Blade Runner 2049 is showing until 16 November. Review by Nigel Watson
[Warning – mild spoilers]
The world of 2049 is an extraordinary place. It’s like an alien planet with vast areas of industrialised farming, rusting monuments to former industrial marvels and the city of Los Angeles a crowded metropolis where the streets are full of people, noise and obtrusive advertising signs and holograms.
Officer K (Rylan Gosling) is a detective working in the Los Angeles Police Department tasked with tracking down renegade replicants – he is what they call a blade runner. These are artificially created humanoids, who were so hard to capture and terminate in the first Bladerunner movie set in 2019.
The Wallace Company now produces obedient Nexus-9 replicants who have open-ended lifespans and implanted human memories.

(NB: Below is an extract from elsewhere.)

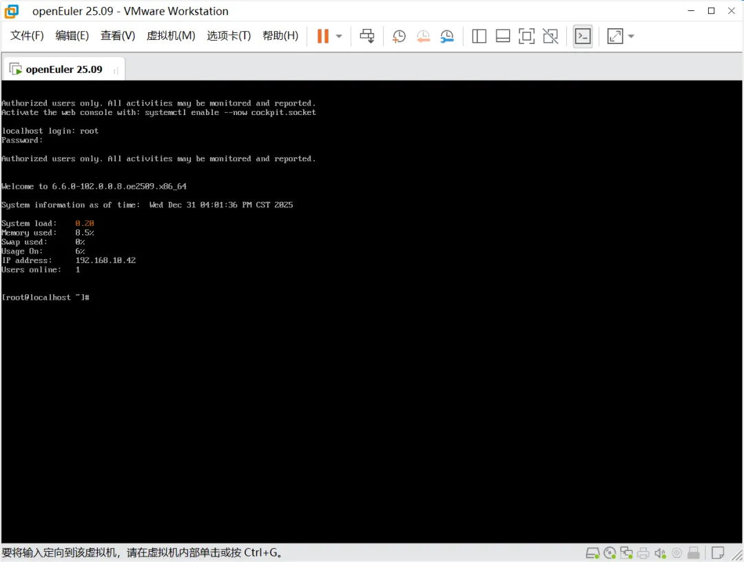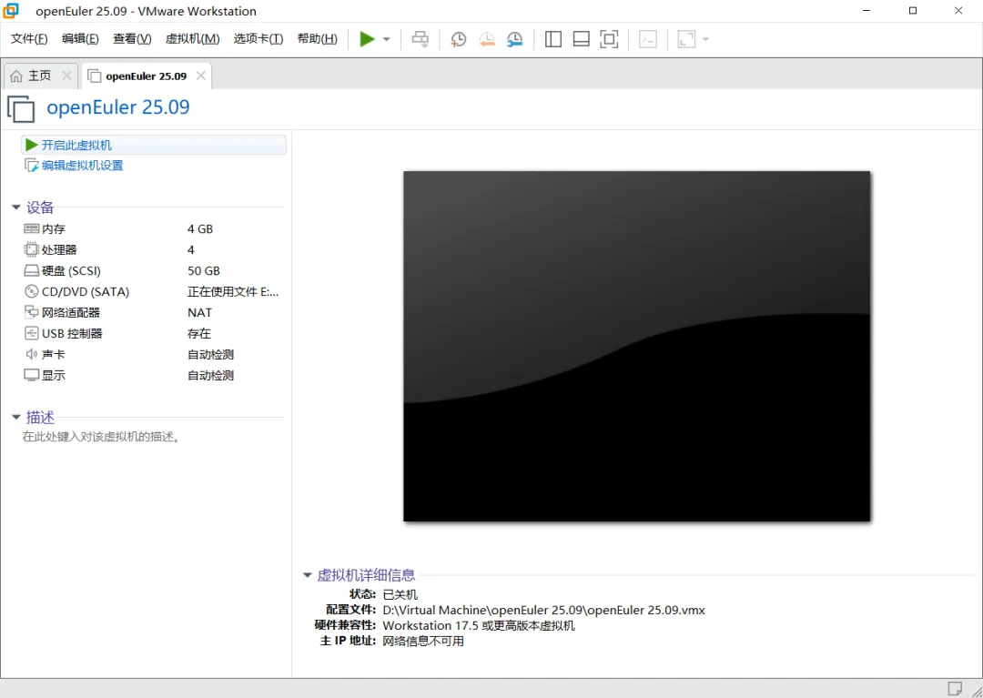 VMware Workstation主界面能看到已创建好的openEuler,点击“开启此虚拟机”按钮。

The older replicants of the Tyrell Corporation era are the target for ‘retiring’ by the likes of Officer K, who himself is a Nexus-9 replicant.
In his small apartment, K escapes from the tensions and violence of the city, and co-habits it with a virtual reality woman, Joi (Ana de Armas). She appears as a projected hologram who can, through an enhanced function, move around and experience the real world. She is a virtual equivalent of a replicant.

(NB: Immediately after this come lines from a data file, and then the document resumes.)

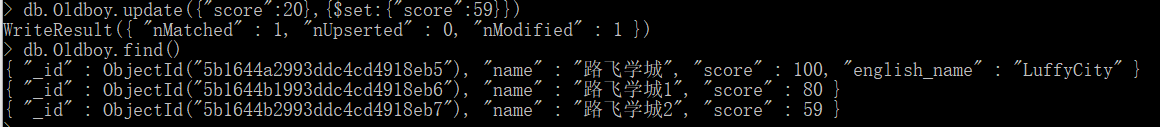 再做一个例子:把 "score" 为 100 分 的 "english_name" 赋值为 "LuffyCity"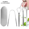 Raspador de Língua Portátil de Camada Única Reutilizável Aço Inoxidável Escova Oral para Boca Estojo Cabo Antiderrapante Raspador de Língua Limpeza da Língua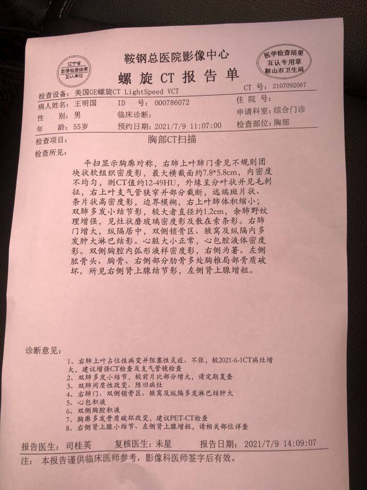爸爸确诊病情已经有11个多月了。一共做了8次大化疗,2次小化疗,以及35次放疗,上月返医院检查“瘤子”没有了。这一路走来,有多少的艰辛与泪水。在这里与大家分享爸爸的治疗过程。起初,拿到病例报告的时候,

The core of the film, is Joe’s search for a child born from the ‘miraculous’ union between two replicants. His quest takes him from the Dickensian plight of child labourers putting together electronic components to the headquarters of megalomaniac Nianader Wallace (Jared Leto), to rediscovering the liar of Rick Deckard (Harrison Ford).
Wallace is much in the mode of the techno-industrialist autocrat Joh Fredersen (Alfred Abel), who creates a robot based on his late wife, to disrupt the rebellion of the workers, in Fritz Lang’s silent science fiction classic, Metropolis (1927). The urban nightmare of its mega-city of the future, has gone on to be the template for such films as Alphaville (1965), Soylent Green (1973), Brazil (1985) and the neo-noir of Ridley Scott’s Blade Runner in 1982.
Director, Denis Villeneuve, continues in the Metropolis tradition by bringing us a grandiose and breath-taking vision of a Dystopian world where the lines between humanity, artificial intelligence and virtual reality are blurred beyond all recognition. He shows vast geometric structures of infinite beauty and horror, contrasted with the fleeting glimpses of natural beauty and the possibility of love in a tortured existence where splashes of violence can occur at any moment.
The gorgeous visuals of this exotic world, mixed with the brooding soundtrack, reflects the trauma and turmoil of Officer K’s own mind as he attempts to solve the puzzle of who and where the child of the replicants is, and the forces that seek to threaten his very survival.
This is a brilliantly executed sequel to Blade Runner that stands on its own feet as a work of outstanding, high-concept, blockbuster science fiction that is worth more than one viewing to enjoy it to the full.